One of the areas of future agricultural policy in NI where we have yet to see any significant detail is around what DAERA will do to encourage young people into the industry.

In the last CAP reform in 2015, the EU came forward with a young farmers’ top-up payment. It initially added around €81/ha on up to 90ha for farmers under 40, taking over as head of holding for the first time. An eligible applicant could claim the money for up to five years, although with 2% of the total NI budget allocated to the scheme (approximately €6.5m), as more young farmers came in, this top-up was reduced in subsequent years.

While the payment was a useful addition to income, it was insignificant when compared to what some were able to receive from the regional reserve.

It allowed a young farmer applicant to go straight to the NI average of €330/ha on an unlimited area of land (a cap of 90ha was introduced in 2021).

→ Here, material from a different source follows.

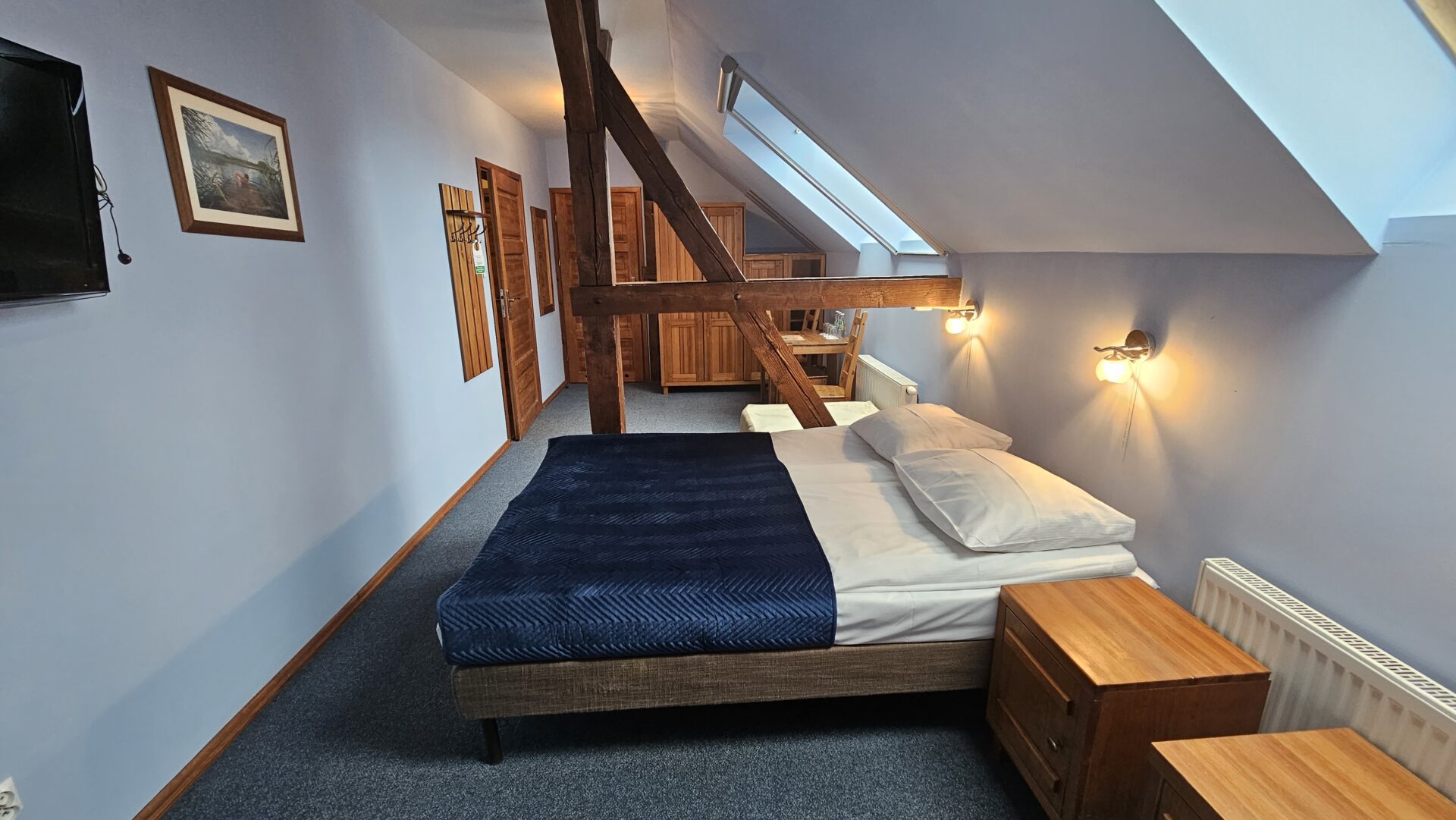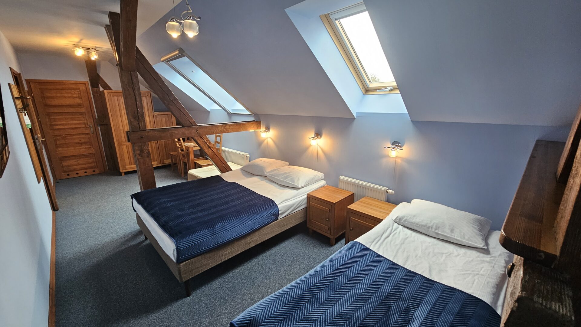Oferujemy wygodne, przestronne pokoje z łazienkami dla 3 lub 4 osób w odrestaurowanym XIX wiecznym spichlerzu. Pokoje mają podłużny układ, z częściami sypialną i „dzienną” oddzielonymi stuletnią stylową więźbą dachową.

Some large farms were able to split the business, allowing existing entitlements to be stacked on a small number of hectares, with a young farmer going straight to the NI average on the rest. These people worked the system, and it brought a big windfall of cash.

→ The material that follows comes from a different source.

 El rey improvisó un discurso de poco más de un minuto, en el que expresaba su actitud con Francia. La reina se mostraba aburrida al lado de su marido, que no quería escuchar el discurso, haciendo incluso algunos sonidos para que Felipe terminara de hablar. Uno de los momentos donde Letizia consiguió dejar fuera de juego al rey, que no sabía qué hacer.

Whatever DAERA does in the future, we can be sure that a similar arrangement will not be on the cards again.

Instead, the DAERA policy documents refer to a “generational renewal programme” that will include “planning for farm succession, development of the successor and maintaining support for both generations”.

In the past, we have seen higher grant rates, and other schemes to help young farmers invest.

However, while we need to encourage young people into our industry, we also need to be mindful of the career opportunities that exist outside of farming.

Many farmers work incredible hours, but that work ethic might not be the best way to encourage your son or daughter to take over the farm. In some cases, a bit less would do.